Dopo la seconda metà dell’800, si entra in un nuovo rilancio
mariano con:
1) apparizioni di La Salette e di Loudes;
2) devozione del rosario;
3) inizio dei pellegrinaggi di moderni e di massa;
4) ondata di congressi mariani internazionali;
5) fondazione di tante congregazioni femminili di ispirazione
mariana.
L’uso politico del santuario segna la cesura più rilevante rispetto al
culto mariano precedente: i santuari diventano luoghi completi e
simbolici della conflittualità tra religione cattolica e i diversi culti
civili.
Infine, influiscono le trasformazioni materiali, i trasporti e le
modificazioni urbanistiche, che cambiano il volto dei pellegrinaggi e
dei santuari, grazie alla maggiore facilità d’ingresso e una diversa
esperienza di viaggio.
Loreto e il movimento cattolico leonino
Loreto è il santuario che, tra i tanti primati, si aggiudica anche
quello della politica, nello sforzo mai completamente riuscito di
diventare santuario nazionale, risultato invece ottenuto in Francia
da Lourdes.
A metà dell’800 Loreto stava diventando un punto di riferimento per
quel nuovo movimento cattolico leonino che cominciava a
tradursi nelle società di mutuo soccorso, casse rurali, patronati e
leghe operarie. Non solo Loreto, ma molti santuari del Nord,
cominciavano a diventare luogo di aggregazione della nuova
presenza delle masse cattoliche.
Da sponde cattolico liberali venivano avanzate critiche alle possibili
derive superstiziose in nome di una fede più sobria e interiore. Le
manifestazioni esibite nell’uso pubblico del sacro che dividevano i
cattolici, entravano in diretta concorrenza con i riti civili.
Le celebrazioni indette nel 1894 per ricordare il sesto centenario
dell’inizio del culto mariano a Loreto sollecitarono un riesame della
sua storia. I protagonisti furono:
1) Ulisse Chevalier;
2) Ilario Rinieri.
Alla fine del secolo si appianò la situazione con le autorità civili; un
decreto regio del 22 dicembre 1861 poneva l’istituto della santa
casa sotto la protezione del re, vigilato dal ministero di grazia,
giustizia e culti; poi venne riconosciuto come ente civile. Dopo il
passaggio dalla santa casa al regno d’Italia, la nuova
amministrazione lamentò uno stato d’abbandono del santuario. La
responsabilità era papale e venne quindi istituita una commissione
comune per ripristinare le strutture primitive della Chiesa.

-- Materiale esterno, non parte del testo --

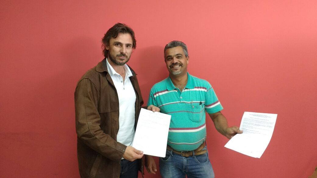 Presidente Steigue Faccio e Alceu, Proprietário da empresa Só Piscinas, contrato fechado.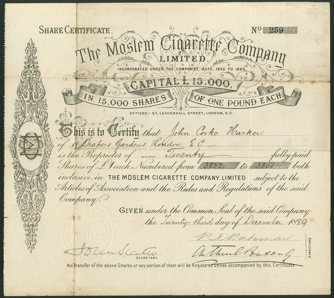 Great Britain: Moslem Cigarette Company Limited, £1 shares, 18[89], #259, scrollwork left, black. Wound up in 1894. Folds but VF and rare.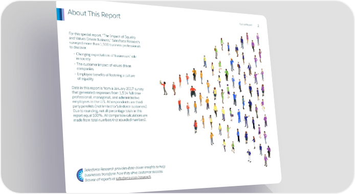 Special Report About This Report 2 For this special report, “The Impact of Equality and Values Driven Business,” Salesforce Research surveyed more than 1,500 business professionals to discover: • Changing expectations of businesses’ role in society • The customer impact of values driven companies • Employee benefits of fostering a culture of equality Data in this report is from a January 2017 survey that generated responses from 1,514 full-time professional, managerial, and administrative employees in the U.S. All respondents are third- party panelists (not limited to Salesforce customers). Due to rounding, not all percentage totals in this report equal 100%. All comparison calculations are made from total numbers (not rounded numbers). Salesforce Research provides data-driven insights to help businesses transform how they drive customer success. Browse all reports at salesforce.com/research.
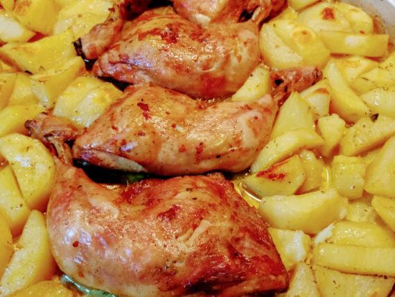 Είναι ένα εύκολο, μαμαδίστικο φαγάκι, ιδανικό για μικρούς και μεγάλους, αφού η προετοιμασία είναι γρήγορη και εύκολη και μετά αφήνεις τον φούρνο να κάνει την δουλειά του. Σήμερα φτιάχνουμε λεμονάτα μπούτια κοτόπουλο με πατάτες για το ολοήμερο και το Κυριακάτικο τραπέζι.

I santuari meridionali. La Madonna di Pompei
Nel sud Italia, la crisi dei santuari era legata alla soppressione
delle case religiose. La ripresa ci sarà solo alla fine del secolo,
quando sarà ripristinata la presenza degli ordini religiosi. La
frammentazione e la generale arretratezza del meridione, la
mancanza di un laicato tendente a uniformare i santuari e un
progetto di militanza politica, fece si che le istituzioni religiose del
sud non partecipassero alla nazionalizzazione dei culti de nuovo
stato.
Il santuario meridionale per eccellenza è quello di Pompei; il suo
fondatore fu Bartolo Longo, che fu molto influenzato da Don
Bosco. La nascita del santuario si ricollega dunque ai singoli
moderni di un'Italia nascente: stazione dei carabinieri, ufficio
postale, telegrafo, ferrovie, che sembrano sostituire gli elementi
tradizionali per la scelta del luogo sacro. La scelta del luogo non fu
quindi imposta da un miracolo, apparizione, immagine: Longo parlò
di una predisposizione del luogo al culto della Madonna, dettata
non da un evento ma dall'urgenza della miseria umana.

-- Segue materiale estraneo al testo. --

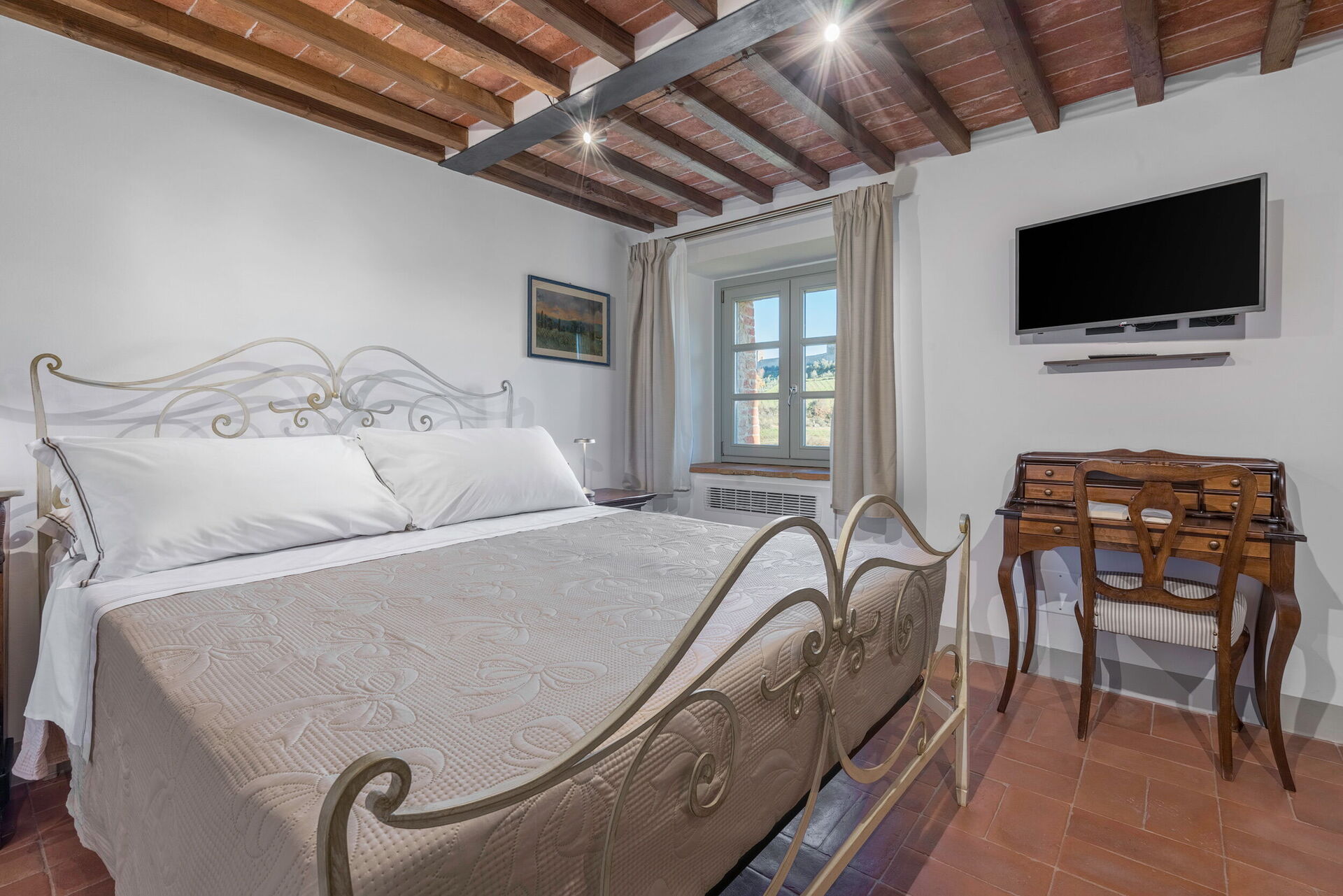 Upon arrival at Le Torri, Borgo Campassini, Monteriggioni you’ll find a lovely clean well-maintained property with views of the hills perfect for a relaxing vacation in Tuscany. Regardless of how you spend your days - visiting museums, sightseeing, shopping or just driving in the countryside, when you arrive home you can unwind with your family and friends at the pool for a perfect ending to another day in Tuscany. If you enjoy cooking for family and friends there is a well-equipped kitchen including coffee machine, microwave, stove and refrigerator, as well as, plenty of tableware and cutlery for up to four people.

Il culto Mariano di Pompei espresse contenuti che si basavano su
schemi e linguaggio devoti a sant'Alfonso De Liguori. É un tipo di
religiosità laica, dai caratteri austeri e sobri, lontano da espressioni
fanatiche e miracolistiche. Le preghiere promosse da Pompei
durante la prima Guerra saranno più consolatorie, che nazionaliste
e belligeranti. Il santuario di Pompei non simboleggiava una vittoria
cristiana contro qualcuno, ma una vittoria di pace e di fratellanza
che eliminava dolori e sofferenze.
Nelle guerre: il santuario tra fede e nazione
La spiritualità dei santuari di Pompei e Loreto nella prima guerra
mondiale saranno diverse:
1) Loreto--> più nazionalista e combattiva
2) Pompei--> più spirituale e volta alla supplica.
I santuari del nord erano infatti più coinvolti sul fronte bellico e in
molti casi vennero requisiti e attrezzati come ospedali.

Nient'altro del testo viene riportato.